EXERCISE INSTRUCTIONS: Take the records below and set down exactly the lines from the one with "This is an amazing" to the one with "一位企业管理者申请境内申请外", ends included; do not copy the pictures.

PROVIDED DATA:
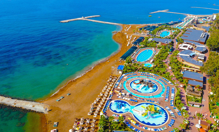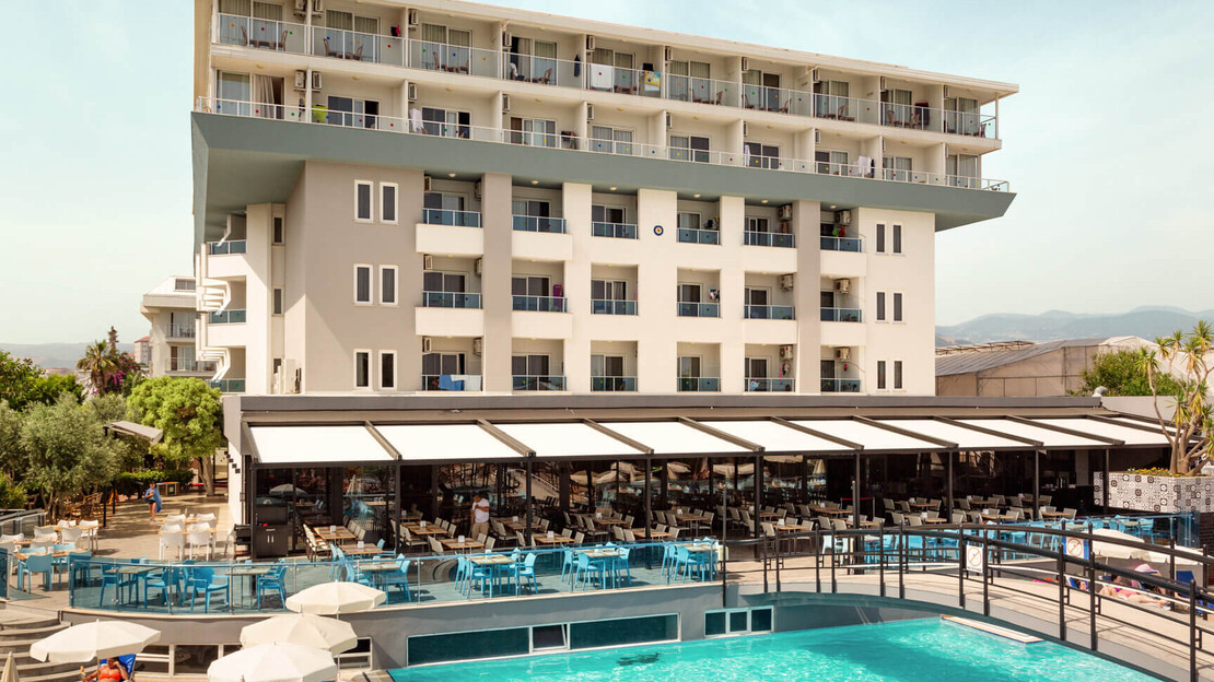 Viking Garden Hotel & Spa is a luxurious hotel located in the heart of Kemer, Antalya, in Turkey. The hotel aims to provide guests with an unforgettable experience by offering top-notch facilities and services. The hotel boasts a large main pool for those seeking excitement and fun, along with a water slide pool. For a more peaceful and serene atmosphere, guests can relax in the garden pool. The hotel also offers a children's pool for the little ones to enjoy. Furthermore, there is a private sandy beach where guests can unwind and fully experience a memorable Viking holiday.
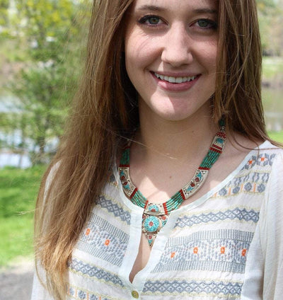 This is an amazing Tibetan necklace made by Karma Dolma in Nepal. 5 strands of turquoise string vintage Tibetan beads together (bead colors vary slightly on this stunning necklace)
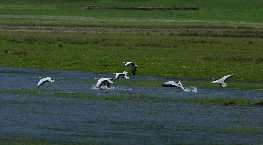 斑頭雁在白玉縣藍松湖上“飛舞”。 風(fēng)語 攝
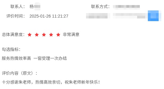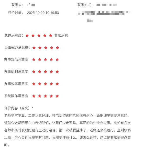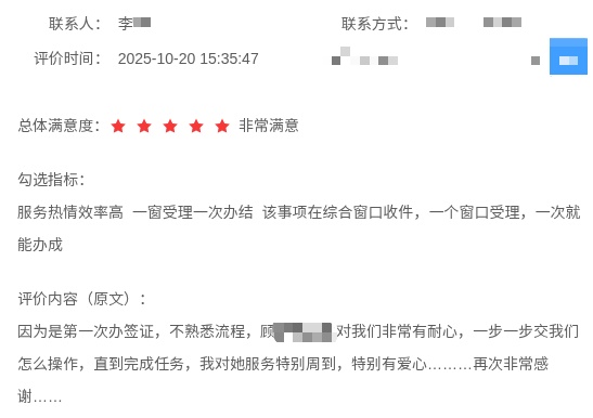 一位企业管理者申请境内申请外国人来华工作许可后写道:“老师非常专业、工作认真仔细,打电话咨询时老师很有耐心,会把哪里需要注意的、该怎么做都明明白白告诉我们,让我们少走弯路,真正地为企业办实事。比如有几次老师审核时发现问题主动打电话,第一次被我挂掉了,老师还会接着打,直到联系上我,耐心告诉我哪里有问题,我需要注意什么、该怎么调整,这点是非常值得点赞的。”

--

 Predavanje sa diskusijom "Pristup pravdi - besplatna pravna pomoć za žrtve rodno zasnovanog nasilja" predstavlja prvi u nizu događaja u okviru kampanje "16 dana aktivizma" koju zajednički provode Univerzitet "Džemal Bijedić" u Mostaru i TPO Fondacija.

==

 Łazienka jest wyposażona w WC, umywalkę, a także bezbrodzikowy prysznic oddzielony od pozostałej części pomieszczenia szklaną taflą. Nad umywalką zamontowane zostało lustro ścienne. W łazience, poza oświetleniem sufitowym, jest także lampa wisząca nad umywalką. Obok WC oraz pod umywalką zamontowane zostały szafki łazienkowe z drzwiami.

SOLUTION FOR THIS PROBLEM:
 This is an amazing Tibetan necklace made by Karma Dolma in Nepal. 5 strands of turquoise string vintage Tibetan beads together (bead colors vary slightly on this stunning necklace)
 斑頭雁在白玉縣藍松湖上“飛舞”。 風(fēng)語 攝
 一位企业管理者申请境内申请外国人来华工作许可后写道:“老师非常专业、工作认真仔细,打电话咨询时老师很有耐心,会把哪里需要注意的、该怎么做都明明白白告诉我们,让我们少走弯路,真正地为企业办实事。比如有几次老师审核时发现问题主动打电话,第一次被我挂掉了,老师还会接着打,直到联系上我,耐心告诉我哪里有问题,我需要注意什么、该怎么调整,这点是非常值得点赞的。”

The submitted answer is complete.